Ifill, a former New York Times reporter who now works for PBS, appears to have been thoroughly cowed by the rightwing attacks on her credibility that preceded the debate. Her "sin" in their eyes was to have a book coming out in January that included Sen. Barack Obama as one of four "breakthrough" black politicians. Which, win or lose, he is.

Ifill failed to keep Palin on topic, admittedly a tough task. Palin simply didn't answer questions she didn't like or couldn't answer, and at one point boasted that she wasn't going to be bound by the questions asked but would instead "tell my story to the American people." Palin showed that when she is coached for several weeks she can sound competent on stage. Why can't she do the same in an interview with Katie Couric?

Biden generally did well, better than I hoped. He smiled too much, though, and should have denounced Palin for accusing Obama of "waving the white flag of surrender" by wanting to set a timetable for withdrawal from Iraq. That was despicable. I think she knew Biden was going easy on her and decided to chance taking a few cheap shots to please her handlers. It was gratifying to see that CBS's audience of undecideds showed (via their Nielsen meters) a sharp negative reaction to Palin's slur.

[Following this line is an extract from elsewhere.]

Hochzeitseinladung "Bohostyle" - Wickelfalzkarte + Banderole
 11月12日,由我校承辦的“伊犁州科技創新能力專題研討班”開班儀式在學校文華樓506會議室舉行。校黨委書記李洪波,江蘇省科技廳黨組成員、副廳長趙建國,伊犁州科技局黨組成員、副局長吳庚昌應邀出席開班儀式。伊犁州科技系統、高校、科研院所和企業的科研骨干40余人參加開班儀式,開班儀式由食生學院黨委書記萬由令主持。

And Palin's voice. The "Fargo" voice. The dropped 'g's and the "betcha's." My younger daughter, age 11, finally announced that Palin's voice was quite annoying. She stuck out the entire debate, though, and I'm proud of her for that.

Debate nerves

On paper, Sen. Joe Biden should wipe the floor with Gov. Sarah Palin in the vice presidential debate tonight in St. Louis. He is an experienced and respected U.S. Senator who heads the Foreign Relations Committee. Palin, on the other hand, has managed to make cringe-worthy remarks on each of the few times the McCain campaign has allowed her to speak to the press, most notably in the recent Katie Couric interview.

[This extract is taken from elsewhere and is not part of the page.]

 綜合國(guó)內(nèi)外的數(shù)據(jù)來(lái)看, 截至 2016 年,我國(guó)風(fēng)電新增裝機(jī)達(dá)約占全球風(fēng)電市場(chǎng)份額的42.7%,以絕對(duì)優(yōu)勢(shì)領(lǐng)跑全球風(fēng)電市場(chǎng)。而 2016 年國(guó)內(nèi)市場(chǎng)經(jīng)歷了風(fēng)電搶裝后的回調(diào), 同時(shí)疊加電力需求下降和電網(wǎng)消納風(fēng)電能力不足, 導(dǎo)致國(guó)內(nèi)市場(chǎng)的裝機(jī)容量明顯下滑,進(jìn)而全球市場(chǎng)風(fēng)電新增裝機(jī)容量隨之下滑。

But Biden is prone to what I'll call "honest gaffes" in which the vocal cords get out ahead of the brain synapses. A recent example of this was when he commented that President Frankin D. Roosevelt spoke "on television" to the American people about the Great Depression. Of course, he meant FDR's famous "Fireside Chats" on radio. He knew that. He just misspoke himself. The danger is that this sort of a gaffe can prove a distraction to his and Barack Obama's overall message.

Not that I think it's going to matter. Obama is surging in the polls, taking a significant lead over McCain overall and in important swing states like Pennsyvania, Ohio, and Florida. I was driving through Hampden Twp. in West Shore suburban Harrisburg yesterday and was pleased at the number of Obama yard signs I saw in this Republican stronghold. If Obama can keep up the good work, our eight-year national nightmare that began with the stolen election in 2000 may soon be over.